For those living under a rock, Boston-based, Ska band, Big D and the Kids Table have been a self-propelled ska machine since 1995. Accented with a multitude of sounds ranging from classic 50s doo-wop to punkrock and ska, Big D have always remained a constant light within the genre.

I recently got to sit down with vocalist David McWane (Big D himself) and guitarist Alex Stern to discuss their upcoming plans as a band, their work on the newest album, The New Way Out, put out jointly with The Doped Up Dollies, and their views on the present day music industry.

You played Amnesia Rockfest this summer in Montebello. Luckily, I got to attend both the Operation Ivy set and the Big D set. Did you prefer that vibe to this latest bar crowd performance?

Alex: I preferred the fifteen thousand people [laughs]. When magic is magic, that’s what I want.

Dave: Whenever the vibe is there. The thing with that show was that, well, we played two sets that day. For the Big D set, that was awesome. But the funny thing about the Operation Ivy set… I went up to the drummer for that set, who was the drummer for Goldfinger, and I asked, “You did the Greenday cover set last night. Is there going to be like twelve people or two hundred?” He went like this to me, “Oh my god, you have no idea. There’s probably going to be about 15,000 people there.”

Alex: We thought there was going to be twelve people, and we closed it right after System of a Down, and there was a bit of drama. There was a real big jerk running that stage. He tried to shut down the show because there was ‘something wrong with their sound.’

Dave: He was just cranky.

Alex: Yeah, the stage manager was just drunk and wanted to go home.
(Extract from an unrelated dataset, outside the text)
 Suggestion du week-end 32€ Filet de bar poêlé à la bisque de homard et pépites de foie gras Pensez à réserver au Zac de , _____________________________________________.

Dave: He said, “You don’t have monitors, you should just cancel the show.” We just laughed, and said, “Oh, you don’t know us.” There was no way we were going to cancel that show.
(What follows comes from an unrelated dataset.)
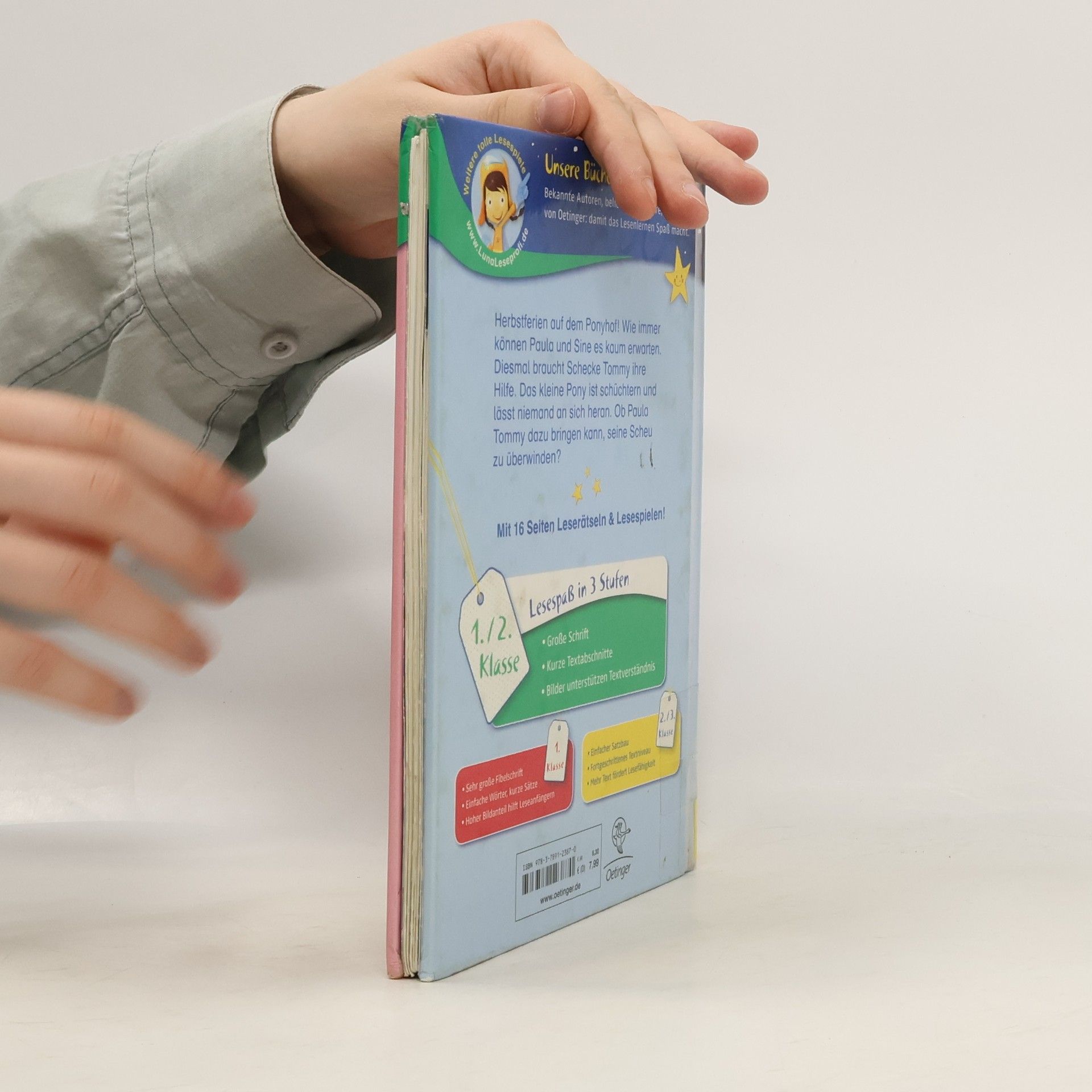Ponyglück für Paula! Hier kann nur Paula helfen! Tom, ein neues Pony auf dem Hof, ist furchtbar scheu und lässt niemanden an sich heran. Seine frühere Besitzerin hat ihn zu viel allein gelassen. Aber Paula gibt nicht auf. Hartnäckig und mit den Geheimnissen einer Ponyflüsterin nähert sie sich Tom immer wieder – bis er ihr aus der Hand frisst! Band 3 der neuen Pony-Serie mit Paula: ein Herzensbuch für Mädchen über Pferde und Freundschaft! Lesen lernen mit „Büchersterne“ für die 1./2. Klasse: große Schrift, kurze Textabschnitte und viele Bilder, die das Textverständnis von Leseanfängern unterstützen. Dazu 16 Seiten Leserätsel und Lesespiele im Anhang.

Alex: We would play to just that arcade machine.

Dave: To answer the question at another angle: for me, if you play a show where everybody loves you, that’s nice. It’s very nice. That has nothing to do with my life. Most of my life is exactly like when you are fifteen, sixteen, seventeen years old, and you’re playing a show where you have to prove yourself. Big D has never been a fortunate band. So, I do like playing shows where I have to prove myself; it just adds this wonderfulness. I am uncomfortable when everyone says, “You’re awesome.” Well, that’s nice that you think that, but shows where the consensus is that we’re going to suck and the crowd wants to hate you, those shows are amazing. Those shows you have to prove yourself, and it’s punk-rock and that’s amazing. I like the shows where almost everyone hates you.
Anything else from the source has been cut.